Spoken Language Understanding without Transcriptions in a Call Canter Scenario

PhD Thesis: Logos Verlag |

This dissertation addresses the possibilities of Spoken Language Understanding (SLU) in a call center scenario. It is widely agreed upon that human understanding involves complicated cognitive structures the machine replication of which is not tangible today. However, many practically important applications in the automated SLU don’t have to rely on computer cognition, while adopting the “behaviorist” approach to understanding instead. This approach states that understanding is present wherever the action the machine takes upon receiving an input message, is perceived as intuitively correct. This action can be formally encoded in terms of its semantic function (that determines a rough category of the action) and semantic attributes, parameters that this function takes to become well-defined.
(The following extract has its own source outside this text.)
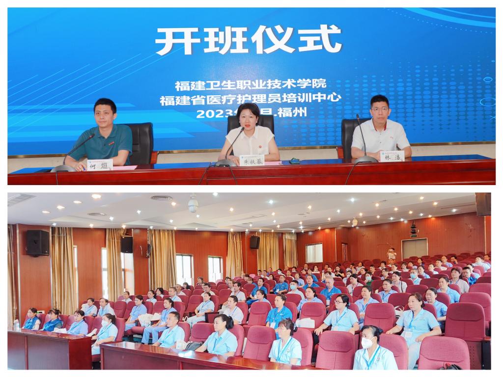 2023年6月27日,福建省醫(yī)療護理員(省屬醫(yī)療機構(gòu))培訓(xùn)班在我校實訓(xùn)樓報告廳順利開班。副校長朱扶蓉出席開班儀式并發(fā)表講話,護理學(xué)院副院長林浩以及91名各省屬醫(yī)療機構(gòu)醫(yī)療護理員參加開班儀式。開班儀式由繼續(xù)教育學(xué)院副院長何烜主持。
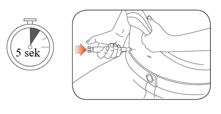 Fortsett å holde doseringsknappen inne, og tell sakte til 5 før kanylen trekkes ut.

Thus, the goal of the understanding becomes to extract these elements from the input signals wherever possible. So, calltype COLLECT CALL is semantic function and named entity 12345 is its parameter in the utterance “I’d like to make a collect call to number 12345” taken from one call center scenario. In general, calltypes as semantic functions and named entities as semantic attributes are characteristic for many call center applications; in this work we show how spoken utterances can be handled with respect to these information types. We extract calltypes and consider three categories of named entity processing tasks: detection, localization and value extraction of named entities.

One distinctiveness of our experiments consists in not relying on the availability of manually created word-level annotations for training corpora from the target domain. To retain acceptable word accuracy in the ASR-output, we suggest using the mechanism of unsupervised language model adaptation. Similarly, we avoid the need to manually annotate instances of named entities in the training data by using generic application-independent grammars for their modeling. For those hard cases where not even an off-the-shelf language model is available to bootstrap the speech recognizer, we show how our algorithms can be ported onto the phone level.

In the context of the last task, we also discuss the academic problem of word lexicon extraction from a continuous phone stream. We use special semantic and syntactic qualities of words, to infer phone subsequences that replicate them.

All experiments we report on in this thesis were conducted on the “How May I Help You?” speech corpus of over-the-phone interactions of AT&T customers with the company’s partly automated call center.